By Thomson Reuters May 20, 2026 | 3:03 PM

May 20 (Reuters) – TurboTax parent Intuit raised its annual revenue and profit forecasts on Wednesday and announced it would trim 17% of its workforce, sharpening ​its focus on artificial intelligence-powered financial software amid ‌robust demand.

The reduction of nearly 3,000 roles globally, reported exclusively by Reuters earlier in the day, is expected to help simplify organizational structure and streamline key areas, including AI efforts, according to a ‌staff ​memo sent by CEO Sasan Goodarzi.

The ⁠tax and accounting software ⁠provider said it expects $300 million to $340 million in restructuring charges tied to the job cuts, to be recognized in the fourth quarter. It had about 18,200 employees ​across seven countries as of July 31, 2025, according to its annual report.

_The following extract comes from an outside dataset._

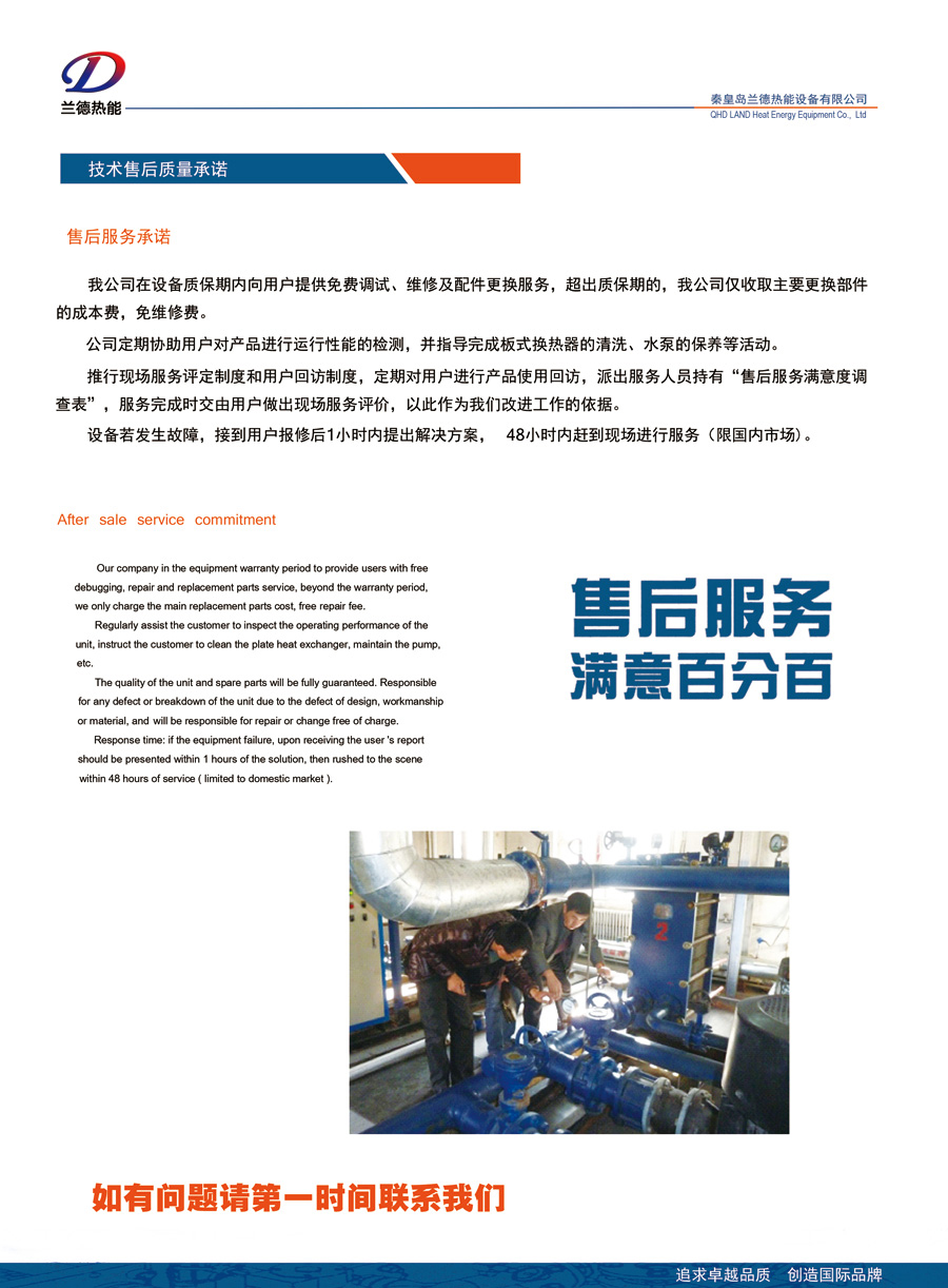 公司秉承“追求卓越品質(zhì),創(chuàng)造國際品牌”的經(jīng)營理念,隨時(shí)為客戶提供全球領(lǐng)先的換熱解決方案,專業(yè)提供高品質(zhì)的換熱設(shè)備和快速、高效的服務(wù),并贏得了行業(yè)領(lǐng)域多家客戶的信賴。許多國家重點(diǎn)工程項(xiàng)目及全國各大熱力公司都使用了我公司的產(chǎn)品,如大同熱力公司、包頭熱力公司、蘭州熱力公司、西山煤電熱力公司、釣魚臺(tái)國賓館、北京國資委、國家大劇院、大眾汽車、長慶油田等。蘭德熱能將竭誠為您提供優(yōu)質(zhì)的產(chǎn)品和最好的服務(wù)!

Intuit now expects annual revenue ⁠between $21.34 billion and $21.37 billion, up from ⁠its previous projection of $21 billion to $21.19 billion.

It ​raised its annual adjusted profit forecast to a range of $23.80 ​to $23.85 per share, up from $22.98 to $23.18 per share ‌previously.

The recent tax season helped lift Intuit’s February-April revenue 10% to $8.56 billion from a year earlier, though it fell short of analysts’ average estimate of $8.61 billion, according to data ⁠compiled by LSEG.

Meanwhile, Intuit’s TurboTax Live offering, which connects tax filers with experts, has seen some uptake and could help ⁠allay investor concerns ‌about generative AI tools disrupting the company’s ⁠lucrative consumer tax franchise.

Partnerships with AI companies, ​including ‌a multi-year deal with Anthropic announced in ​February, are ⁠central to the company’s strategy of embedding AI tools across its platforms as well as adding its personalized tax, finance, accounting and marketing capabilities to AI applications.